The problem with this line of thinking is that it assumes every relationship you enter provides linear value rather than value of great significant at intermittent periods. The value of the property manager comes when a tenant is late on payment or when a maintenance request is made that requires quick action or the hiring of a third party. Typically, property managers enter into relationship with contractors and maintenance providers at a bulk/discount rate compared to what you would find locating your own provider, and that alone could result in savings greater than whatever fee for property management is charged.

The advice to dodge property management fees are usually totally bunk unless you are someone who is a handyman and are attuned to dealing with the give-and-take of unpleasant social interactions on a semi-regular basis.

If there is an area to save money with a property manager that you hire, it’s usually in the area if you are dealing with a manager that tries to charge a fee while the property is vacant. A simple request that the fee be waived and that you’ll find a property manager who does not that fee is often enough to eliminate it. I also think it’s ethically sound because no value is being provided while the property is vacant.

5. Most posters on the Bigger Pockets forum do not realize the effect of the bankruptcy code when dealing with foreclosures.

Some of the investors who brag about foreclosures, tax sales, and other transactions that I’ll broadly describe as the category of “non-voluntary divestments of property ownership” seem to be naive about some of the tactics that someone who is about to lose their home can and do take.

For instance, if someone is about to have their primary residence be foreclosed on them, it is frequently the factual case that the homeowner is in a difficult financial position. As a result, these are the type of individuals who are often fair or even excellent candidates for a bankruptcy filing. Well, when someone files for bankruptcy, something called the automatic stay goes into effect. This means that all creditor actions against the debtor are frozen, and nothing can happen without court approval to do so, which often takes at least ninety days, and sometimes can drag out more depending upon the circumstances of the bankruptcy, the particular chapter filing, and what other creditors are out there.

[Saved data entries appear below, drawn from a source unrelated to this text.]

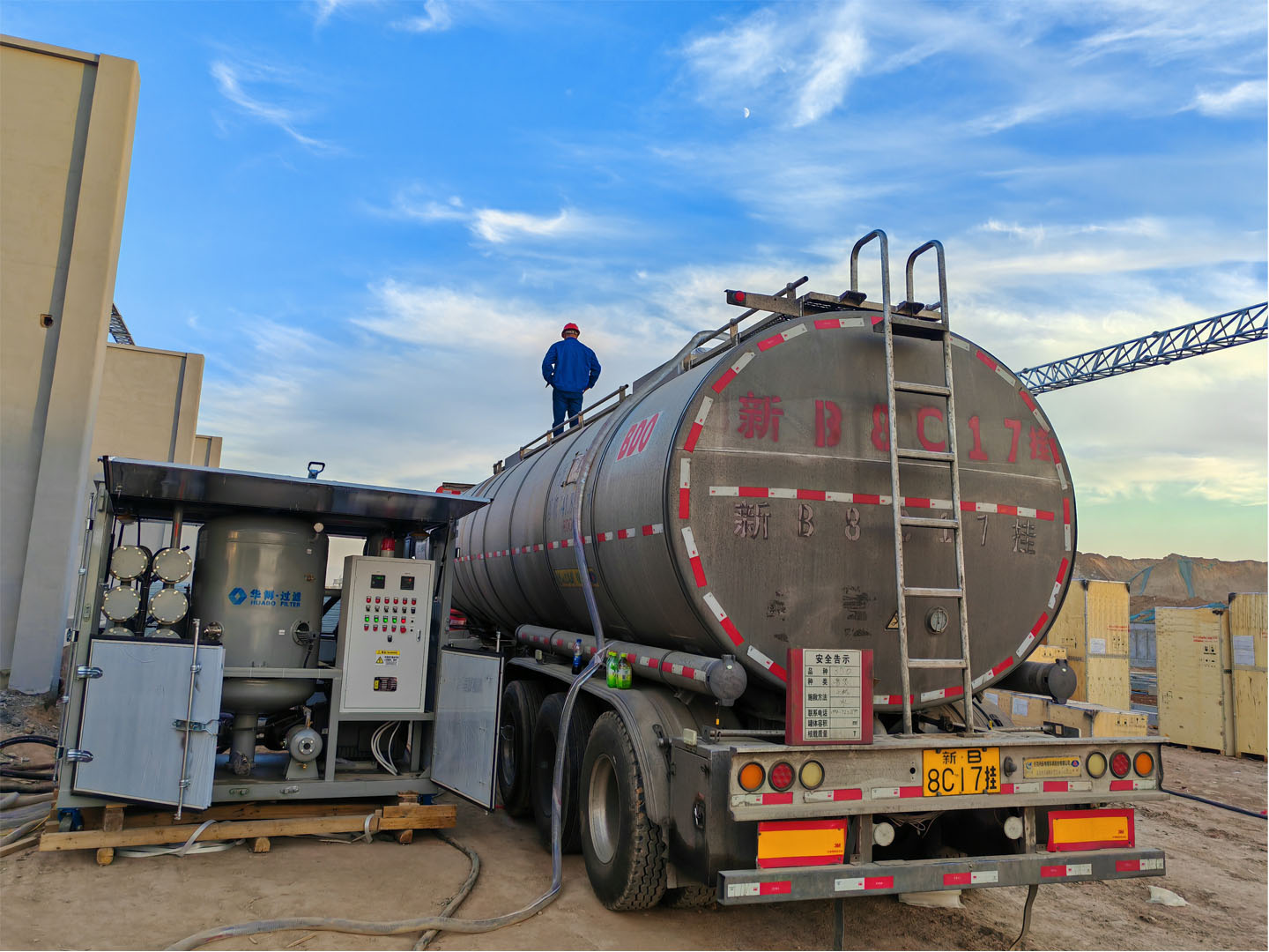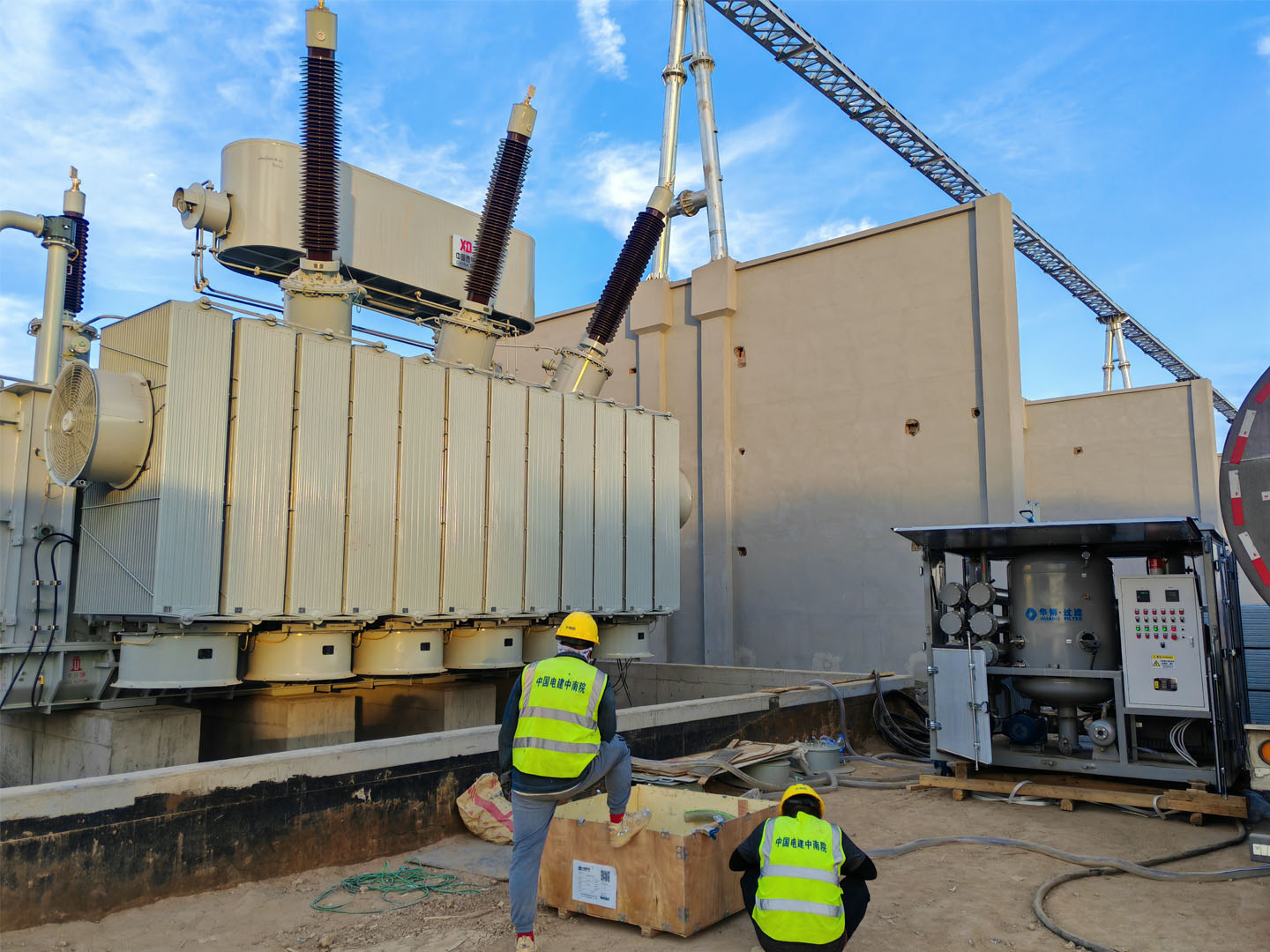 中国电建新疆甘六项目采购我公司12000L每小时变压器真空滤油机,1000立方每小时真空抽气机组,变压器为中国西电220KV,经过浴血奋战10台主变完美收官,客户高端赞赏!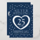 Silver wedding anniversary 25 years party dark blue and silver foil on front. twenty-fifth silver wedding anniversary party event with two photos on the reverse. Personalise with your own wedding anniversary party details and two photos in the silver hearts one now and one from their wedding 25 years ago. Other matching items are available. Art and design by www.mylittleeden.com on Zazzle.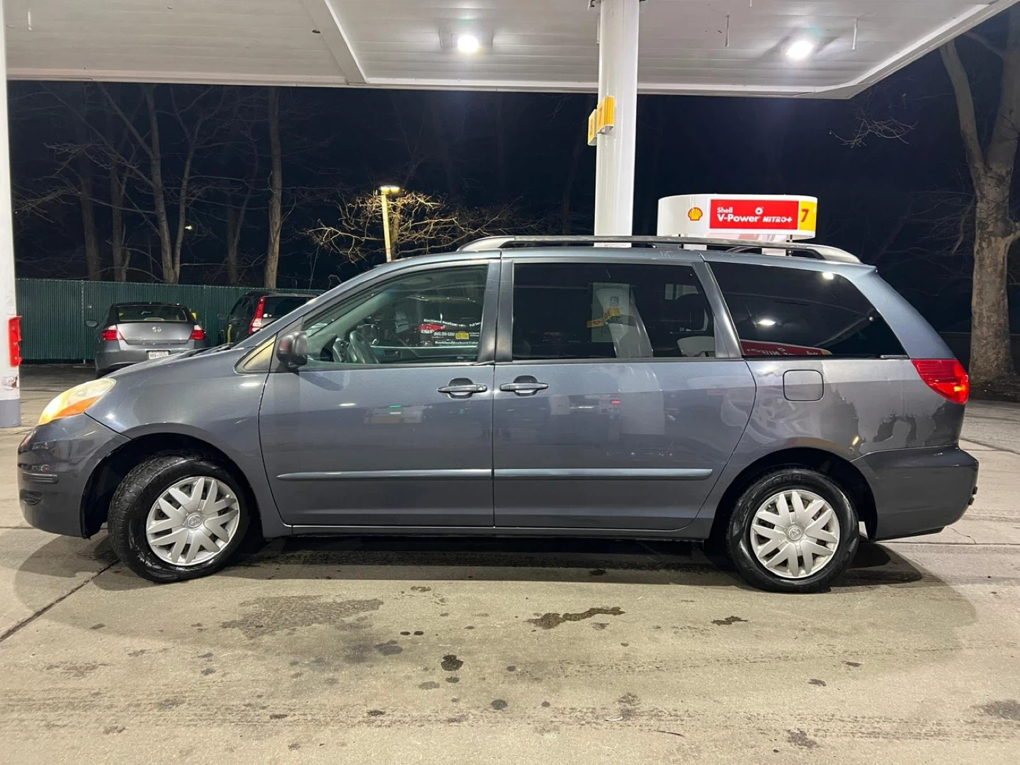 This is a gray Toyota Sienna minivan. It features a spacious interior and is perfect for families. The vehicle has a roof rack for extra storage. It's a reliable option for everyday transportation.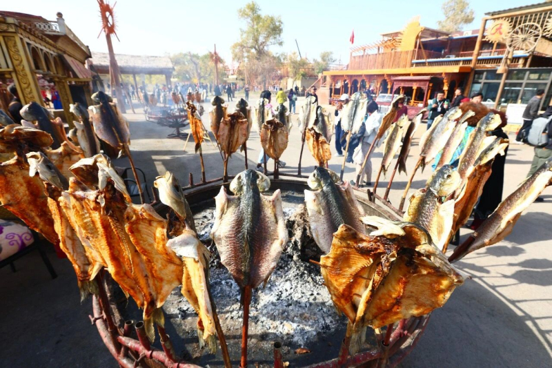 以阿不旦广场为起点的罗布商道,串联起若干家以装配式建筑、木质结构为特色的摊位市集,让游客穿越丝路烟火,体验千年前民族团结一家亲,古丝绸之路上的繁华盛景。在射箭台,商户现场指导站姿、握弓技巧,在拉弦射箭之间体验传统射艺的乐趣;在文创产品摊位前,极具辨识度的小花帽特色罗布羊、民族特色少女玩偶、艾德莱斯款式的小马、挂件等伴手礼物,让游客更深入了解罗布人民俗文化,丰富旅游历程;在美食摊位前,香气四溢,罗布烤鱼、红柳烤肉等特色美食,满足游客的味蕾;在“尉犁礼物”摊位前,罗布麻茶蜜等产品,让游客“乐购”其中满载而归。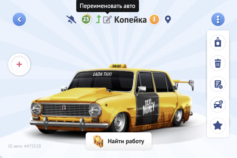 Для изменения цвета необходимо перейти в гараж и выбрать такси.

This means that you could, say, buy a promissory note that is purportedly secured by a house, not get the promissory note paid, move forward with taking action to foreclose on the property, have the owner file for bankruptcy, and then you don’t get paid anything while the automatic stay is in effect. If you yourself obtained financing to purchase the note, you have to make payments on that even if the owner of the property is no longer paying back their mortgage note. That is what can happen when debt interacts with debt interacts with the bankruptcy code interacts with housing laws. Don’t shoot the messenger.

6. Speaking of mortgage notes, there is a current trend in place for individual investors to buy mortgage notes on the secondary market that some other investor does not want.

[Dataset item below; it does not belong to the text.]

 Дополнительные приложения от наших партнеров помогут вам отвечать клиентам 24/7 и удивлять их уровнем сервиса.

Almost always, these notes are non-performing. If someone was paying their $850 per month mortgage note every month as expected, it is unlikely that the holder would be selling it as it is fulfilling its intended purpose and the secondary mortgage transfer market for performing loans is already quite robust and has an active bidding price between banks that it is unclear why an individual investor would have the opportunity.

So if you are obtaining a non-performing note, you better know the ins and outs of your state’s foreclosure laws and be ready to pay the thousands of dollars in attorney’s fees for the eviction action, court fees, and also risking the possibility that the former owner will destroy the property on their way out of the residence as a final farewell. And, of course, all of this is occurring while you are not getting paid rent or exercising control over the property for some profitable end, which is especially problematic if the funds you used to buy the mortgage note were financed.